Щекою Трехерн, словно ища поддержки и ласки, прильнул к нежной ладони, что лежала в его руке. Хотя Октавия просияла, очень от этого похорошев, ее глаза наполнились слезами, ибо ей одной кузен давал понять, что страдает, и к ней одной обращался за утешением.
– Конечно, помогу – и сердцем, и действием! Хвала небесам за надежду, она не напрасна, поверь мне, Морис. А вот вид у тебя усталый. Может, не стоит маяться в столовой с чужими людьми? Давай лучше я принесу тебе вкусненького прямо сюда? – смущаясь, добавила Октавия.
– Спасибо, я предпочел бы поужинать в обществе, это мне на пользу. Вдобавок, если я останусь у себя, Джаспер сочтет, что должен быть при мне. Я одевался в спешке – проверь, нет ли погрешностей в моем костюме, моя маленькая сиделка.
Октавия окинула кузена внимательным взглядом, поправила на нем шейный платок, пригладила непослушную прядь волос и с очаровательной материнской заботливостью заключила:
– Мой мальчик всегда элегантен, и я им горжусь. Ну что ж, пора.
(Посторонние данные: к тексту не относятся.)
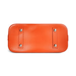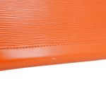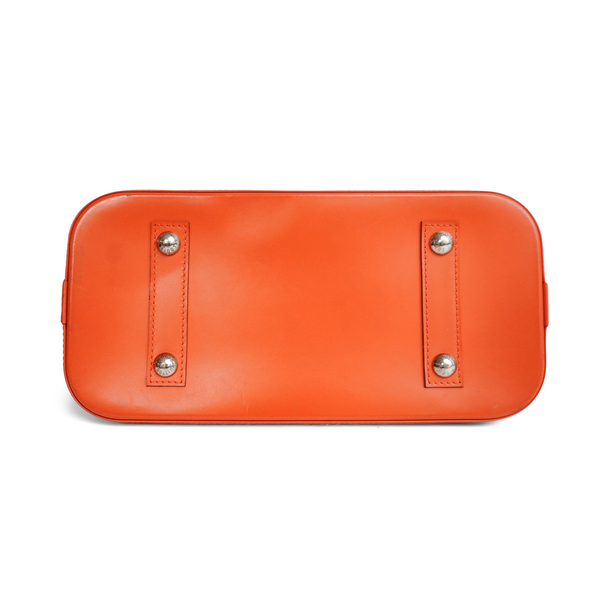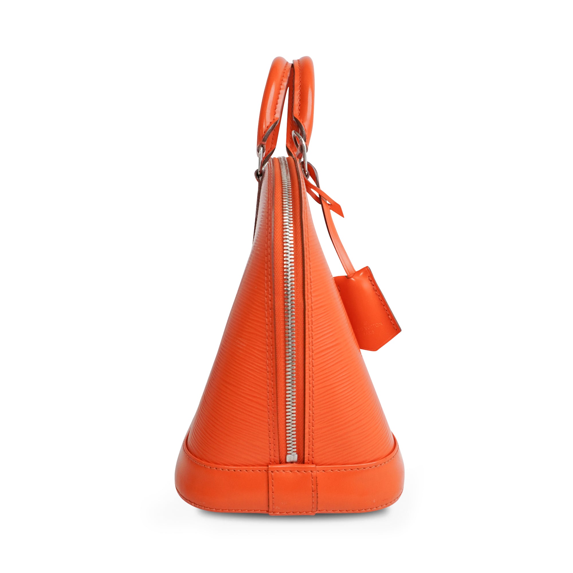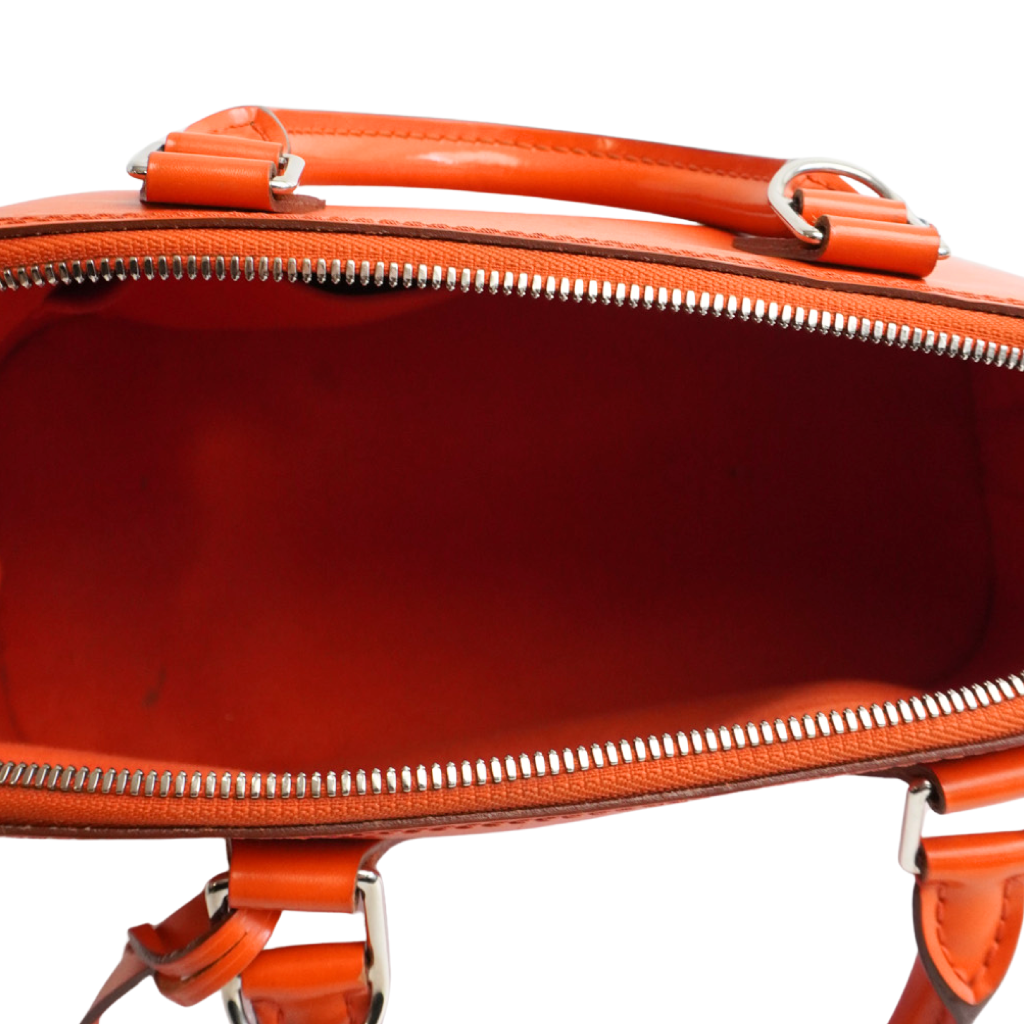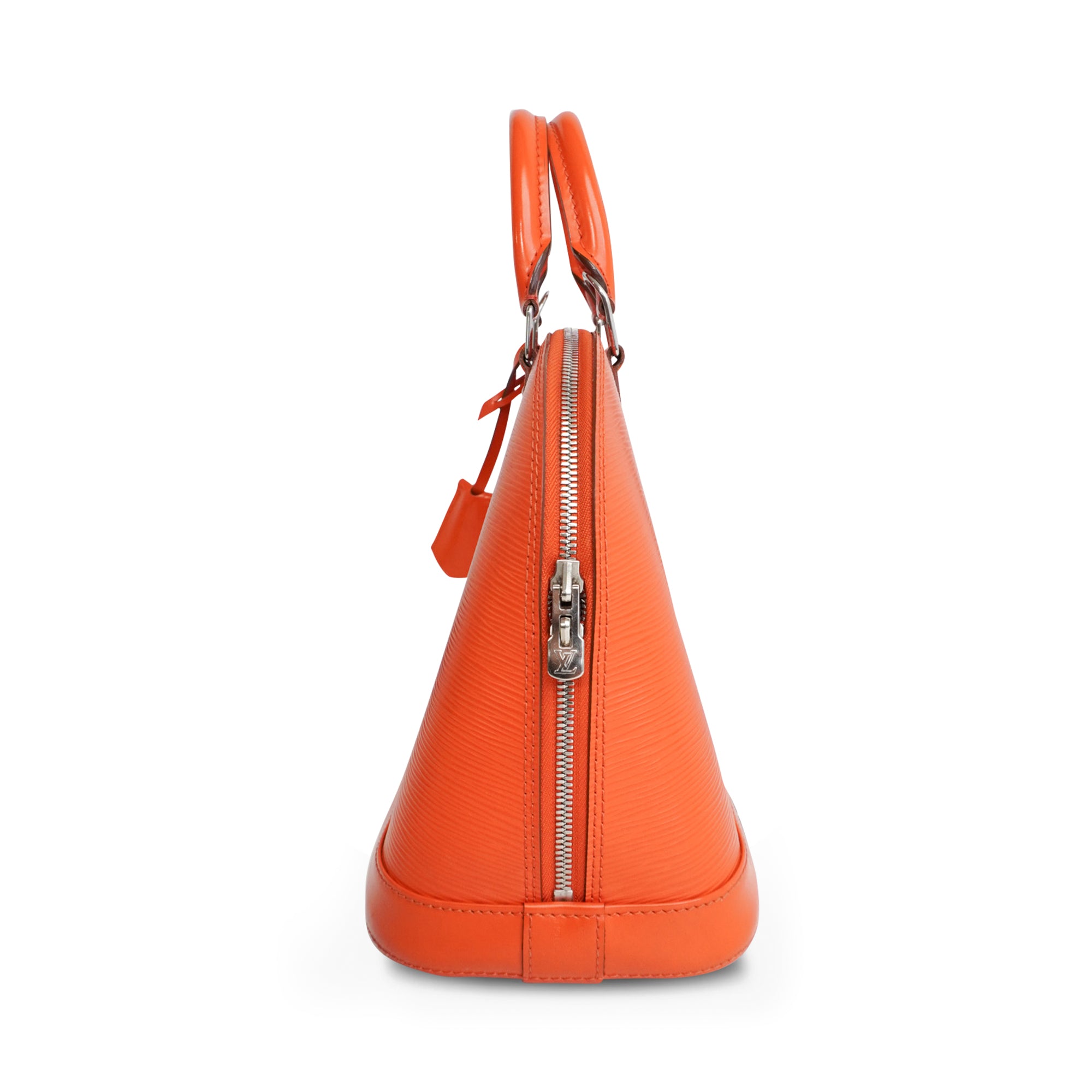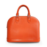 Louis Vuitton 'Alma MM' handbag in orange epi leather with dual rolled top handles, silver hardware, and and top-zip closure. The interior is lined with orange suede and has two slip pockets.

Октавия уже хотела отвести штору, но тут услыхала голос за дверью и быстро спросила:
– Кто это там?
– Фрэнк Эннон. Разве ты не знала, что он приглашен? – отвечал Морис, внимательно глядя ей в лицо.
– Нет, Джаспер мне даже не намекнул. Зачем он пригласил Эннона?
– Чтобы порадовать тебя.
– Порадовать?! Да ведь Джасперу известно, до какой степени Эннон мне противен. Вот удача, что я надела платье ненавистного ему цвета! Надеюсь, теперь я защищена от упреков. Пускай с ним любезничает миссис Сноудон. Ты знаешь, что генерал приехал?
Трехерн улыбнулся, довольный, ибо ни намека на девичье смущение или радость не обнаружил на лице Октавии. Она приоткрыла дверь, и Трехерн, наблюдая, как она подглядывает в щелку, думал: «Эннон прав, у меня действительно перед ним преимущество, и я его сохраню любой ценой».
– Матушка спустилась. Пойдем, – сказала Октавия, когда в гостиную вплыла осанистая пожилая леди.
Кузен с кузиной появились вместе. Эннон, раскланиваясь перед Madame Mère (так близкие называли хозяйку дома), косился на эту парочку.